Census RM Toolbox

The most bestestest tools for make running the census big success wow.

Batched reminder scheduling

To comply with a limit on the number of cases we can send for reminder print materials in one day, some reminder runs are split into batches and spread in a wave over multiple days. To ensure we maximize our use of said limit, we need to maximize how many batches of cases we include in each day of this wave. The reminder batching script in this repo counts the cases that would be included from each batch and adds them to a rolling total, pulling batches in until the limit is hit. The script can then just output the classifiers including these batches, or insert the action rules for them itself depending on the options it is run with.

Running the reminder batch scheduler

Without setting up action rules

This is useful to get preliminary counts of the cases included.

Run the script with

reminderbatch -w <WAVE_NUMBER> -b <STARTING_BATCH_NUMBER> -a <ACTION_PLAN_ID>

This should output the case count for each print batch until it hits the max.

Setting up the action rules

WARNING: This will insert the action rules into the action database. Be sure you want to schedule these materials for print.

Run the script with the --insert-rules flag.

The --trigger-date-time also become necessary to schedule the rule correctly. The trigger date time must be supplied in rfc3339 format.

reminderbatch -w <WAVE_NUMBER> -b <STARTING_BATCH_NUMBER> -a <ACTION_PLAN_ID> --insert-rules --trigger-date-time=<DATE_TIME>

Once the script succeeds the action rules should be present in the action database.

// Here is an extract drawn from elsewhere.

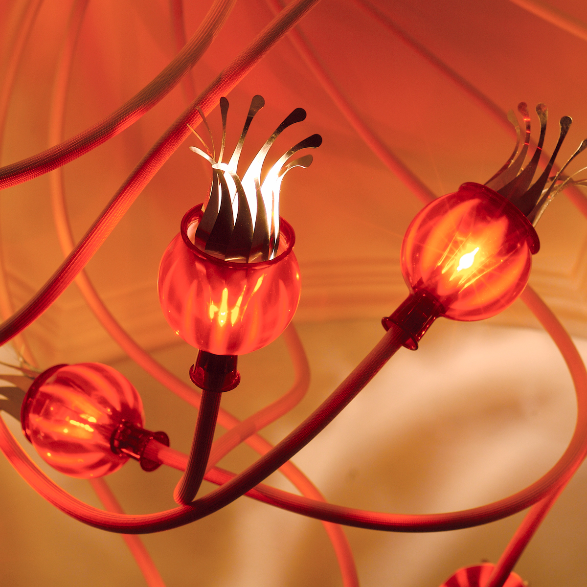 Serien Lighting Poppy, Schirm: rot, Arm: beige (Detailbild)

IMPORTANT: The output should tell you the final batch included, you may need to keep this in order to start from the next batch the following day.

Specifying max cases

The max cases for a day defaults to 2,500,000. You may need to lower this limit to compensate for other print materials that day. Use the flag --max-cases <MAX_CASES>

e.g.

reminderbatch -w <WAVE_NUMBER> -b <STARTING_BATCH_NUMBER> -a <ACTION_PLAN_ID> --max-cases 2000000

reminderbatch -w <WAVE_NUMBER> -b <STARTING_BATCH_NUMBER> -a <ACTION_PLAN_ID> --insert-rules --trigger-date-time=<DATE_TIME> --max-cases=1000000

Response-driven reminder scheduling

We can create response-driven action rules from a provided CSV file of LSOAs from a bucket. The format of the file name will be <REMINDER_TYPE>_<REGION>_<DATE_TIMESTAMP>.csv, e.g. rdr1_E_2019-08-03T14-30-01.csv. You will need to copy this file from the bucket to your cloud shell, then copy to the running toolbox instance.

Get counts of cases for response-driven reminders

To get a count of cases using the LSOAs file:

reminderlsoacount <LSOA_FILE.CSV> --action-plan-id <ACTION_PLAN_ID>

Without setting up action rules

This is useful to get the shape of what the classifiers will look like when used in the action rule.

Run the script with:

reminderlsoa <LSOA_FILE.CSV> --reminder-action-type <ACTION_TYPE> --action-plan-id <ACTION_PLAN_ID>

This should output the classifiers used for the action rule.

Setting up the action rules

WARNING: This will insert the action rules into the action database. Be sure you want to schedule these materials for print.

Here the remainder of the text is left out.